Hey, here's a thread that's got a video on it - I'm not yet sure who the western rider is, but watch his horse - he's behind the vertical! Does the horse look like he's fighting the bit? 

http://www.horseforum.com/english-riding/western-english-32646/newmessage/

There you are! My stupid computer is so slow, I only loaded the first 20 seconds of it, LOL!


----------



## .Delete. (Jan 7, 2008)

Alot of Clinton Andersons ways helped my show horse a ton and really helped me finish him. His bending exercises are fantastic. I lovelove Clinton Andrerson sometimes. But he is a tad over agressive on repeating EVERYTHING. His intructional video on the tie-ring when it came out he must have said "Your horse will die 1 2 3 DIE" atleast 12 times at the least. Some of his methods make me giggle. To each is own


----------



## hotreddun (Jun 27, 2008)

I think his methods are so convulated with marketing tricks and "tv personality" agendas that I can't stand watching him. Which is kind of sad because he either is or was a good trainer probably.


----------



## Calamity Jane (Mar 16, 2009)

Would you rather be bored to tears by a trainer who's got zero personality? 
What's wrong with the guy making a good living at what he does?? Never could understand people begrudging Clinton Anderson and others like him who have found a nitch and made it work for themselves. Welcome to America, dude. Land of the free and home of the infomercial.

CA has got some awesome stuff that works. I use it all the time and get the results I need. he cuts through the crap and gets to the point. Yeah, he can use his goofy stick a bit much, but it's fiberglass and it doesn't hurt.
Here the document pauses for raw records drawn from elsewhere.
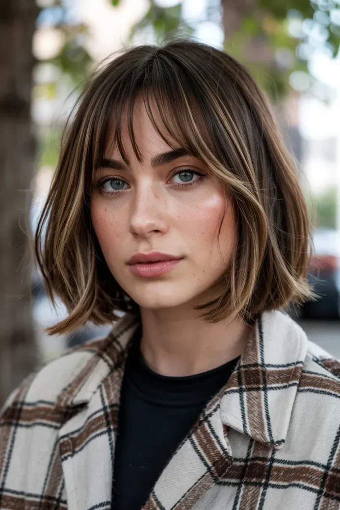 Side-swept bangs add softness and balance, making this style flattering and easy to wear. It’s a Pinterest favorite for everyday elegance.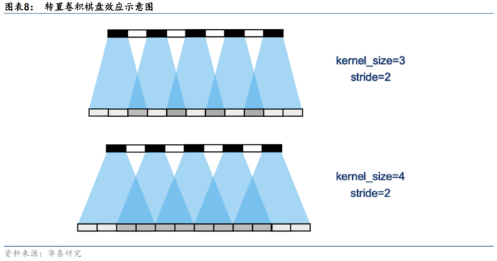 值得注意的是,作者使用全卷积网络的目的之一是希望可视化网络结构,观察中间层神经元输出结果,从而更好地理解训练过程。然而全卷积网络中的转置卷积操作可能会带来“棋盘效应”。Odena等人(2016)详细论证了转置卷积与“棋盘效应”,并给出了减轻“棋盘效应”的上采样方法:其一是确保转置卷积核大小可以被步长整除,即本文使用的方式,但作者同时表示此方法在实践中并不能完全消除“棋盘效应”;其二是使用最近邻插值或双线性插值法缩放图像再进行常规卷积,即GAN与前期研究中的WGAN使用的方式。因此,转置卷积层的使用可能带来效果下降的风险。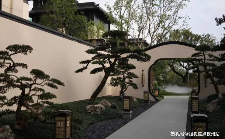 王府大门形制,结合现代工艺与材质,以对阵高墙关满园春色,打造尊贵礼序感府邸入口前庭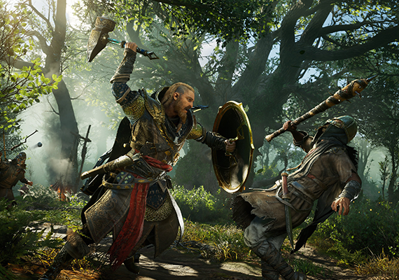 Además de barbas, tatuajes y miradas furiosas, el juego también cuenta con otros elementos inspirados en los vikingos, como las armas. El arsenal habitual de Assassin se ha ampliado y ahora incluye nuevas armas, como mayales y grandes espadas. También puedes equipar uno de los poderosos escudos nórdicos, ya que ahora es posible llevar dos armas.

I've hit myself with it and can attest that it's more of a bounce, than a whack. 

If you don't want to spend the $ on his handy stick you can get the exact same thing at half circle ranch.com. You can buy all the rope there then rent his videos from several dvd rental places online. You can rent his stuff for less than $10 a month. 
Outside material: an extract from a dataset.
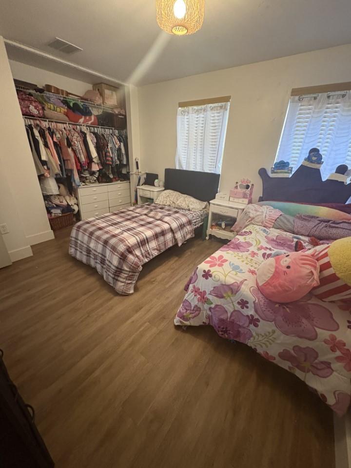 Highly Sought-After Madison Green Gated Community. This 4-bedroom, 3-bath home with a 2-car garage offers stunning garden and pond views. Step inside to discover soaring vaulted ceilings, a charming bay window, tile & wood flooring throughout, and a spacious master suite with walk-in closets. The fenced backyard has plenty of room to add a pool, and the home is equipped with exterior shutters for added protection. Resort-style living with amenities, including excercise room,pickleball & basketball courts, community pool, clubhouse, and more. The HOA fee is $247/month and includes high-speed internet, basic cable, and landscaping for common areas. Don’t miss your chance to own this modern gem in one of the area's most desirable communities!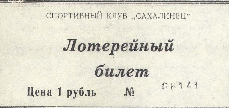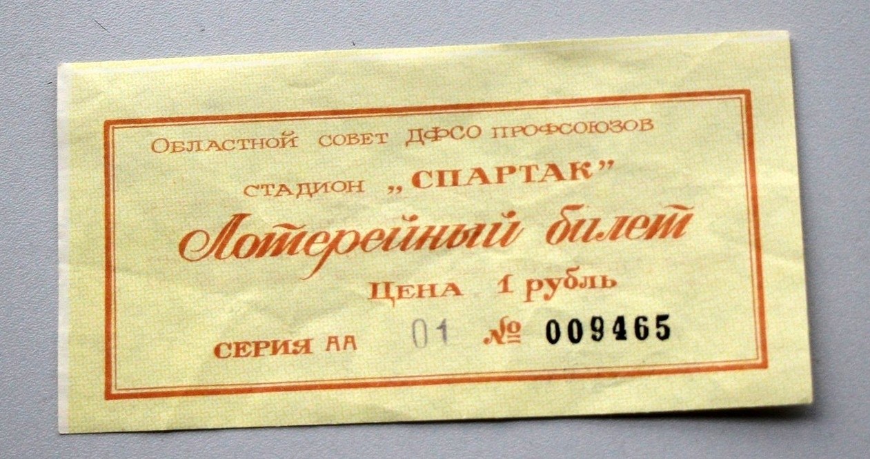 … конце 1980-х в Южно-Сахалинске на стадионе «Спартак» во время футбольных матчей проводились розыгрыши лотереи. По таким билетам можно было выиграть различную бытовую технику или мотоцикл

Funny story....I went to see CA at a demo where there were these two women who were walking out at the intermission. They were miffed. One of them said to the other, "it's the same stuff that he does on tv!"
(um. yeah. things that make you go, "DUH!!")


----------



## kevinshorses (Aug 15, 2009)

I have seen CA and Dennis Reis clinics and I hosted a Ray Hunt clinic. Ray Hunt is the "inventor" of the horse clinic and has forgotten more about horses than most of these other clinicians will learn. Sadly, he died earlier this year. I would try to get the Dennis Reis appreticeship if I were young and unattached but either one would be great for starting a carreer. One of the hardest things for an aspiring trainer to do is get good horses and build a reputation. Being in a program like that gives you a little credibility.
Good luck it's extremely competitive so if you don't make it with one of them keep trying.


----------



## Wallaby (Jul 13, 2008)

I don't know much about CA except for a book that I have, I'm not sure of the name right off the top of my head but it has pretty much every one of his exercises with tons of pictures and information, but from that book I've gained a dislike of him.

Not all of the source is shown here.